At the end of Suran's life, he calls all his family together to bless them, in the same vein as the Patriarchs. Now, Ngameke had initiated him into the Patriarchal Order of God and appointed him as prophet, priest, and king (in similitude of Christ), but here, Suran divides those appointments up equally among his sons. Ahkman is now high priest over the temple, Shurak king over the people, and Kodal prophet of the Lord. While all three sons were originally ordained to that same Order and seem to have been righteous enough to continue each as prophet, priest, and king in their own right, this seems to be more of a division of labor issue, with Suran's people growing larger every generation, rather than a breaking up and separation of the priesthood, as with Melchizedek, Aaronic, and Levitical orders. "And... after many days Suran died... and was buried in a place near the temple."

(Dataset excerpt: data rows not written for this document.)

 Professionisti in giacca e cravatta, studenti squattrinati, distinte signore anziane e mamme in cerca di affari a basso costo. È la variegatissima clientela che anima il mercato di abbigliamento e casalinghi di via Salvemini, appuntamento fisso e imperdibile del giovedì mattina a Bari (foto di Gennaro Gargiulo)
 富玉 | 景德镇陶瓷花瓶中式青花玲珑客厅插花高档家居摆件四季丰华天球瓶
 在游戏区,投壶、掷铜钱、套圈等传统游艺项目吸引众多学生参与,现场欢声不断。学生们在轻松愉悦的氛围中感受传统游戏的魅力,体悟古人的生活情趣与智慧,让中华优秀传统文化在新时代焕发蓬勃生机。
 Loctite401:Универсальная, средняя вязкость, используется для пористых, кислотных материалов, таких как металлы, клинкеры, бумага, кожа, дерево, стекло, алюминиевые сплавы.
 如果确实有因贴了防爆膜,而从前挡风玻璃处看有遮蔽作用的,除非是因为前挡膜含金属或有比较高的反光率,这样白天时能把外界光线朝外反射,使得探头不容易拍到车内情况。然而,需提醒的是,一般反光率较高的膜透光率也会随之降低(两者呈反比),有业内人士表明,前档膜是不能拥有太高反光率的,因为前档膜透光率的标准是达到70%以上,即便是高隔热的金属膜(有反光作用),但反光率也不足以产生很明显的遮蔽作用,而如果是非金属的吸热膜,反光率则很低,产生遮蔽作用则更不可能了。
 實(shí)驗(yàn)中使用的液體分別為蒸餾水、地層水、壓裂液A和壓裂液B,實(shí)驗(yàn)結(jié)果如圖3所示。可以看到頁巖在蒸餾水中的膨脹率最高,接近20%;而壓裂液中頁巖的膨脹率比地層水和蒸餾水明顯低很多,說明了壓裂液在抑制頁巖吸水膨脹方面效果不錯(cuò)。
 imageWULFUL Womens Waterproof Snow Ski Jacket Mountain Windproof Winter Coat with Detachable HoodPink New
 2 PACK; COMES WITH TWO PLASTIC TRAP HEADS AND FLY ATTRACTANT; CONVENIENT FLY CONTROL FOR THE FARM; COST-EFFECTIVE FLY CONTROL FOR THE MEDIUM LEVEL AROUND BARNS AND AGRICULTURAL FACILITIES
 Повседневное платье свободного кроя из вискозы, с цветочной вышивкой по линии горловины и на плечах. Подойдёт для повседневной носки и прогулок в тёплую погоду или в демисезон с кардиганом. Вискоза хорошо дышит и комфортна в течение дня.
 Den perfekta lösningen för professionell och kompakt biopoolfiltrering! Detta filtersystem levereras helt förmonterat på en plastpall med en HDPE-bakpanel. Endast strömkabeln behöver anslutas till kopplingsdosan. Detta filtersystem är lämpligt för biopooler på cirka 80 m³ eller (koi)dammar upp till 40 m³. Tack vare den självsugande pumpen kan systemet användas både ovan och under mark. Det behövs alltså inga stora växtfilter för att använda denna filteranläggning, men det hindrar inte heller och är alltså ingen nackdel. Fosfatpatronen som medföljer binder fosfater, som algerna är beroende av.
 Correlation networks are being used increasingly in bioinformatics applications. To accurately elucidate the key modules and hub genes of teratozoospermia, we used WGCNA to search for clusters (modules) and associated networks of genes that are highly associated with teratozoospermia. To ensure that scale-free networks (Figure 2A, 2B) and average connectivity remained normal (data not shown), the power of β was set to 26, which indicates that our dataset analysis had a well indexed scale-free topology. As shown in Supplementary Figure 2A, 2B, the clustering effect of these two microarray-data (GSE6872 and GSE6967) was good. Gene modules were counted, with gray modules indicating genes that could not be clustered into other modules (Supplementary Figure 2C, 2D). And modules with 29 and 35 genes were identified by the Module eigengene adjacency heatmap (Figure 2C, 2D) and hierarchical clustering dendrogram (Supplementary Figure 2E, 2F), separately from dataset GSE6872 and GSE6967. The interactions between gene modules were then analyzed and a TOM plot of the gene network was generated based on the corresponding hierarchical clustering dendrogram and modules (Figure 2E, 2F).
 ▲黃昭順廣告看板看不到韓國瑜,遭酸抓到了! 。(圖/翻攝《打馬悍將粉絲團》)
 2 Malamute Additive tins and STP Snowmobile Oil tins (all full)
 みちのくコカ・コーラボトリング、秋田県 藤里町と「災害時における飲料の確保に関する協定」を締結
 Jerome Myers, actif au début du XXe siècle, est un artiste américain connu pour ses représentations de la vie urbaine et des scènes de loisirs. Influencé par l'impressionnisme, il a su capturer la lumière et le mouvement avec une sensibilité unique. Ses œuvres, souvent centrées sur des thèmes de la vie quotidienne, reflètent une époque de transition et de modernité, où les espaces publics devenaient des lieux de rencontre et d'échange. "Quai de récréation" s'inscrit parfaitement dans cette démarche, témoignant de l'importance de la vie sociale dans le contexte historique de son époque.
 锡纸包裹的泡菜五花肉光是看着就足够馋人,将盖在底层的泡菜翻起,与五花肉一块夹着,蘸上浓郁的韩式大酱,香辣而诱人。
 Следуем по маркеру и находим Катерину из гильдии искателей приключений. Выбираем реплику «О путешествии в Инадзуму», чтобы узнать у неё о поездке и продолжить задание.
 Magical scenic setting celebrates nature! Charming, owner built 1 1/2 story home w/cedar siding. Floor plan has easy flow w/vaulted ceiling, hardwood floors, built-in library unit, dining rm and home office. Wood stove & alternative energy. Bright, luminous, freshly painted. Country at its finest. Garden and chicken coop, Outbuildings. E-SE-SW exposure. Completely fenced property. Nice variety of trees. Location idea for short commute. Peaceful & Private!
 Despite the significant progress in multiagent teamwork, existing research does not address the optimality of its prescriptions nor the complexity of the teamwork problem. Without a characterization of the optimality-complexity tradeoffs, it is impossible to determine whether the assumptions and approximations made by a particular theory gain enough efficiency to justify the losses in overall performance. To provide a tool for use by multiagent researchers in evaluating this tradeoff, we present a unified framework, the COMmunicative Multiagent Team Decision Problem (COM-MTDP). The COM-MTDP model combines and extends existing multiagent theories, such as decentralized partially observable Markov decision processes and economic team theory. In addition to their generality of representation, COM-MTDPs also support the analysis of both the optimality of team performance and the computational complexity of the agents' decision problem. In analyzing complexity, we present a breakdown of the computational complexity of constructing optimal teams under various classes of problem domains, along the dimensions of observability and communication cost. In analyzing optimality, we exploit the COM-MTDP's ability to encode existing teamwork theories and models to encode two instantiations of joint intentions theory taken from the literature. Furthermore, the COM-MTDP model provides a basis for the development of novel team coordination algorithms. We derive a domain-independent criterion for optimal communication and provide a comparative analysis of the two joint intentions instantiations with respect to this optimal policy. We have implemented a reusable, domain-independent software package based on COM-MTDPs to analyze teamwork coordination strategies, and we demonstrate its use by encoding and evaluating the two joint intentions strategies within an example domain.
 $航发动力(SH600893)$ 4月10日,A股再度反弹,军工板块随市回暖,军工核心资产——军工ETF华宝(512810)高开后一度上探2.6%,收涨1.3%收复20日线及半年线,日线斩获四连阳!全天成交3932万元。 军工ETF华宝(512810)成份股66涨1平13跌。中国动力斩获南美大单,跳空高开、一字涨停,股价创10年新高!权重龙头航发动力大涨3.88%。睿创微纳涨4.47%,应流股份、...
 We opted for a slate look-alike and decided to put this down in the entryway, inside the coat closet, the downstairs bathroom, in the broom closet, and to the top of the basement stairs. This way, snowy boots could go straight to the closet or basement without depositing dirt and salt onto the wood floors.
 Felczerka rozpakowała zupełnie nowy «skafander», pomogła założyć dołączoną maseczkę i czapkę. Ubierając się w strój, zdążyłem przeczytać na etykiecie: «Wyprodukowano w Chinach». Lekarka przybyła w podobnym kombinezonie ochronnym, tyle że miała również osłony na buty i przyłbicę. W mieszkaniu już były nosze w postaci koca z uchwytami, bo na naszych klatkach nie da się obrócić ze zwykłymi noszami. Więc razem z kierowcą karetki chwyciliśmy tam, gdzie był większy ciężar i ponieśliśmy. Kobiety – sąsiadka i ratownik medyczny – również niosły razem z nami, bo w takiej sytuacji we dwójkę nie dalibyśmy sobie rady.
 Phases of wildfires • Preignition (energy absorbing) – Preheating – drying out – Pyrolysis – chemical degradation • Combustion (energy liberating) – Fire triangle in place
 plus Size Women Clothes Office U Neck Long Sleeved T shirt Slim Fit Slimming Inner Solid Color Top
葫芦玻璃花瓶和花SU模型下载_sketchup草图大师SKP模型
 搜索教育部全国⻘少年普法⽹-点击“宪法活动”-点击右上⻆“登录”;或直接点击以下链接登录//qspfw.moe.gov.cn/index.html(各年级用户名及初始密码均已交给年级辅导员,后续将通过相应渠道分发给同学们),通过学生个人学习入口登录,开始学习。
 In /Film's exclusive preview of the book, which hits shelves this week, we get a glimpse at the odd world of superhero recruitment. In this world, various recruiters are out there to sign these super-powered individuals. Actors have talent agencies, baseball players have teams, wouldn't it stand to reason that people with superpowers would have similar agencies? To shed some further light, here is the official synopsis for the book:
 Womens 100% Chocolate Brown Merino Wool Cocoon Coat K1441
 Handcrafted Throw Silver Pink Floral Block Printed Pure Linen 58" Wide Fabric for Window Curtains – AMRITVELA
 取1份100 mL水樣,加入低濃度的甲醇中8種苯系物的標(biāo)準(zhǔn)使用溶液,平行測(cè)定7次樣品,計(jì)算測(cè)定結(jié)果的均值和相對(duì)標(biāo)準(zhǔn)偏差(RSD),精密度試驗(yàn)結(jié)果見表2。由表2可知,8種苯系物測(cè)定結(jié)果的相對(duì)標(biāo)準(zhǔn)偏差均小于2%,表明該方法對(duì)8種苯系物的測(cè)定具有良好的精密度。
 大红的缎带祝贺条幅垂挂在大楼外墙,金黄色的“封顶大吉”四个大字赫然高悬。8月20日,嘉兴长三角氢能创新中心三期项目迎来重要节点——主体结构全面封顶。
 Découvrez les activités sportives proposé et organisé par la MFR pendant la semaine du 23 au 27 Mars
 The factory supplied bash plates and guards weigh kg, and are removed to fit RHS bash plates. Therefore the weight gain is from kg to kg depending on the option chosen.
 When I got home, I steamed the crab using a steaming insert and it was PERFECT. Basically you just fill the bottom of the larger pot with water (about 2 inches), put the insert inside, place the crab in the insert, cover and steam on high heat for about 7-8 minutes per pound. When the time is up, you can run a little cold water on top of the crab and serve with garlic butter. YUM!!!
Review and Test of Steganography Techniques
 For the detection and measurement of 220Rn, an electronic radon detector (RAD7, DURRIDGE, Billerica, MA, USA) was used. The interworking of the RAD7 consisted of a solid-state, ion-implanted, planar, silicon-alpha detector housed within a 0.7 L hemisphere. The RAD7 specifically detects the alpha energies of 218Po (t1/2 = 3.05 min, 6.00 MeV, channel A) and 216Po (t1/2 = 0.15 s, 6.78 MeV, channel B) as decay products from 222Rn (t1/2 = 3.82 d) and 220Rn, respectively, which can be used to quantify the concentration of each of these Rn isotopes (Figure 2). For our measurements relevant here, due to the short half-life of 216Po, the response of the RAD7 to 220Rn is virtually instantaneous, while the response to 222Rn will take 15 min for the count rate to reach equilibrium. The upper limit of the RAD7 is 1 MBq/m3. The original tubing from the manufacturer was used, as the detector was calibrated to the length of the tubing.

Let's take a break to talk about this "great abomination" for a moment. Here's what we know about it from Suran 11:
- It rises up sometime between the US Civil War and World War I.
- From context, it seems to begin in the US.
- The plural "they" is used when a pronoun replaces "abomination", meaning its comprised of several individuals or entities. (Nephi does this too in 1 Nephi 13 when describing the "great and abominable church".)
- Its purpose is to take power from the American people. (I think it's interesting the focus is on wresting power from the people. In a democratic republic like the US, that is ultimately where power resides.)
- It doesn't want to lose power over nations, so it causes the US to fight foreign wars and hate and kill foreigners.
- At the same time, it turns on and brings evil and destruction to the US in order to increase its power over the people through favorable legislation and manipulating public perception.
- After taking power, it ultimately brings about the destruction of the US.
- Through all this, the people remain oblivious (well, except for the conspiracy theorists ; )

In a Q&A session last year (discussed HERE), Elisha stated:
As I understand, the abomination is the secret corruption of powerful families that gained power in the United States. They gained power over the political, financial, and business landscape of America. Today, their influence is felt in all aspects of the United States and even around the world in other nations. This corruption will devour itself, taking with it any who remain associated. This corruption reaches into the Philippines, which is one reason the Kingdom of Maharlika must be established as quickly as possible.
So, tinfoil hat time. Suran and Elisha are saying there are kernels of truth to all the New World Order-type conspiracy theories surrounding secret societies of international elites (e.g., Bilderberg Group, Bohemian Club, Council on Foreign Relations, Trilateral Commission, Skull and Bones, etc.) (even the Pentaverate ; ) But this shouldn't come as much of a surprise to readers of 1 Nephi and Revelation. The "great abomination" is simply a different perspective on the same "great and spacious building", "great and abominable church", and "great whore" motifs. Also, the Book of Mormon often equates abominations with secret combinations (see 3 Ne 3:11; 5:6; Ether 8:18).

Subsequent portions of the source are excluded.